Chronic cough is a frequent reason for medical referrals in childhood. In patients who do not have signs or symptoms of an underlying respiratory system disease and who do not respond to experimental treatment, psychogenic cough should be considered. In this paper, four patients who were referred to our department with a prediagnosis of psychogenic cough, found to have tic disorder as a result of the assessments performed and improved with antipsychotic medication are presented. The differantial diagnosis of chronic cough in children should include tic disorders as well as psychogenic cough. Tic disorders can be diagnosed easily with detailed history and their response to medical treatment is rather satisfactory. Recognition of these disorders by pediatricians will minimize erroneous diagnoses and inappropriate therapies in children with a complaint of chronic cough. (Turk Pediatri Ars 2015; 50: 176-9)

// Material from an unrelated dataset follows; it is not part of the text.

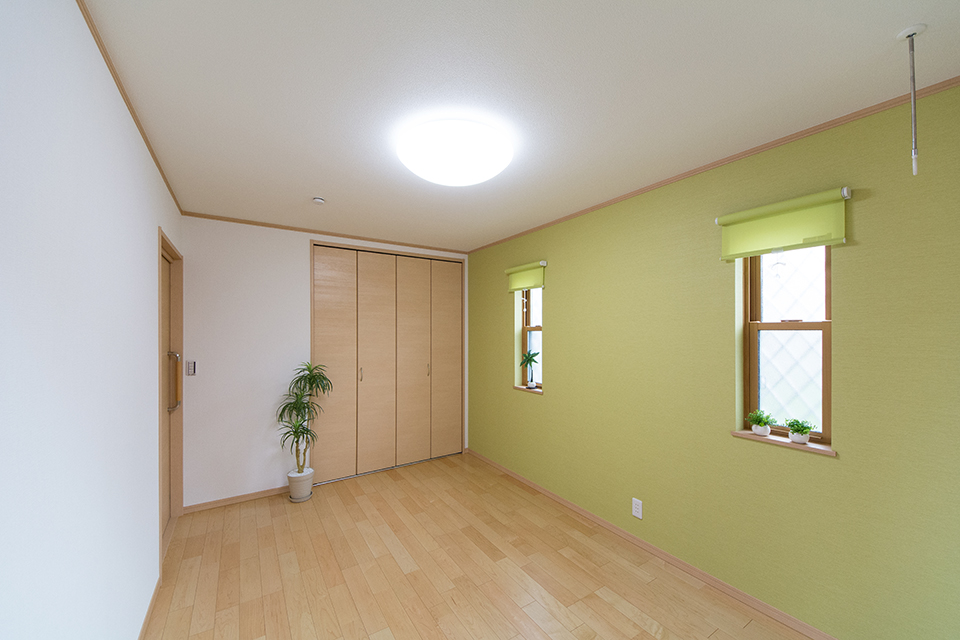 1階洋室―グリーンのアクセントクロスが爽やかな印象を与えます。

Keywords: Differential diagnosis, chronic cough, tic

Introduction

Chronic cough which is one of the frequent reasons for medical referal is defined as resistant cough lasting for longer than three weeks (1). While infections, coryza, gastroesophageal reflux and asthma are reported to be common causes of chronic cough, conditions which can not be associated with the respiratory system or another systemic disease may also cause to chronic cough (1, 2).

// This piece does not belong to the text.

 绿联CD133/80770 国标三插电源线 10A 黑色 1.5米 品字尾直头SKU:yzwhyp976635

Children with a complaint of chronic cough are generally evaluated by pediatricians repeatedly and chest x-ray, computarized tomography and blood tests are performed and treatment with antibiotics, bronchodilatators and antiinflammatory drugs is administered (3). In cases where the signs and symptoms of an underlying lung disease can not be found and in cases where there is no response to empirical treatment, psychogenic cough is considered frequently (4, 5).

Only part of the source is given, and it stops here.